Alteration of pancreatic carcinoma and promyeloblastic cell adhesion in liver microvasculature by co-culture of hepatocytes, hepatic stellate cells and endothelial cells in a physiologically-relevant model.

In vitro models of the liver microvasculature, especially with respect to cancer cell extravasation, should include not only endothelial and cancer cells but also surrounding cells to mimic the physiological situation. To this end, in the present study, we established a physiologically-relevant hierarchical co-culture model by stacking layers of primary rat hepatocytes (Hep), hepatic stellate cells embedded in collagen gel (LX-2) and endothelial cells (HUVECs) on a specially designed oxygen-permeable polydimethylsiloxane PDMS bottom plate. The model was used to investigate the role and contribution of each of the three cell types in pancreatic cancer and promyeloblast cell adhesion.
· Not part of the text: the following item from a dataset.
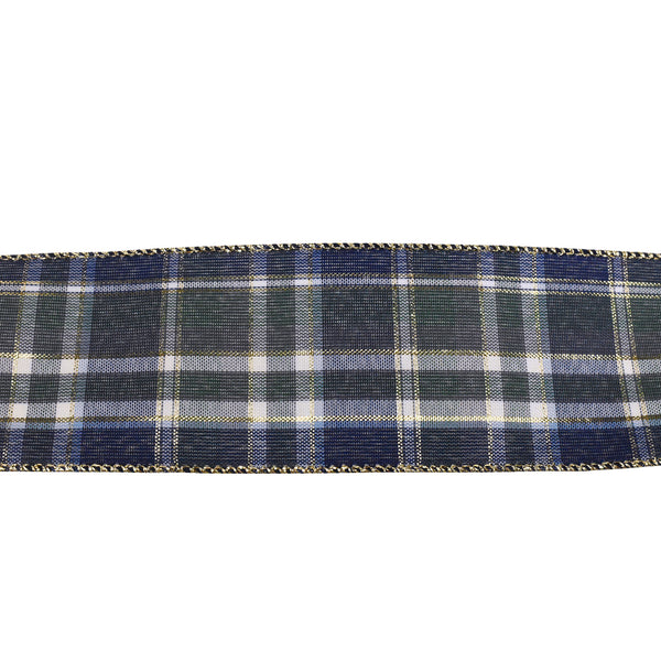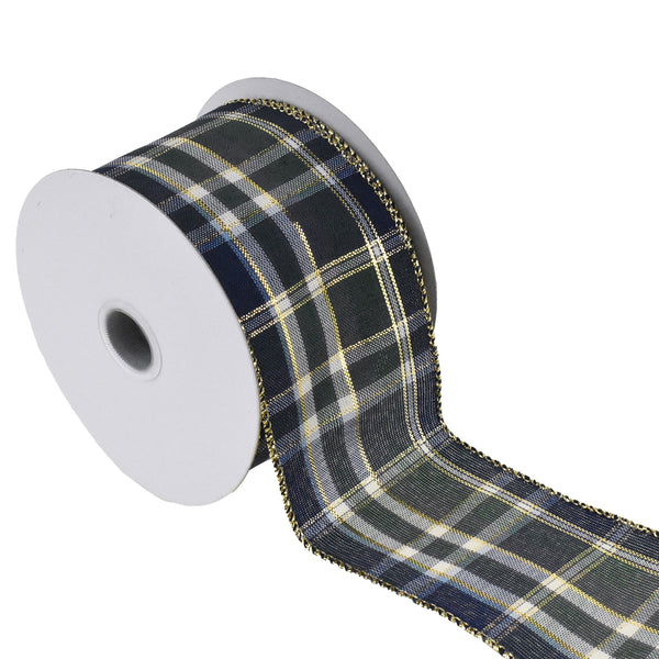 Gold Trim Plaid Wired Ribbon, 2-1/2-Inch, 10-Yard - Navy Blue/Moss

In particular, we showed an increase in albumin production by the primary hepatocytes and in the consumption of the produced vascular endothelial growth factors (VEGFs). Furthermore, in co-culture, the HUVECs exhibited a mature vascular endothelial and non-inflamed phenotype, as evidenced by Stabilin-1, lymphatic vessel endothelial hyaluronan receptor-1 (LYVE-1), intercellular adhesion molecule (ICAM-1), and vascular adhesion protein-1 (VAP-1) expression. The HUVECs were also successfully activated with an inflammatory cytokine and their ICAM-1 response was found to be higher in monoculture compared to co-culture. Additionally, the adhesion of MiaPaCa-2 pancreatic cancer cells and HL60 promyeloblasts was tested in both cases (i.e.: activation or not by an inflammatory cytokine). It has been found that their adhesion was always reduced in the co-culture model. These results highlight the importance of integrating hepatic stellate cells in the design of biomimetic models of the hepatic endothelial barrier.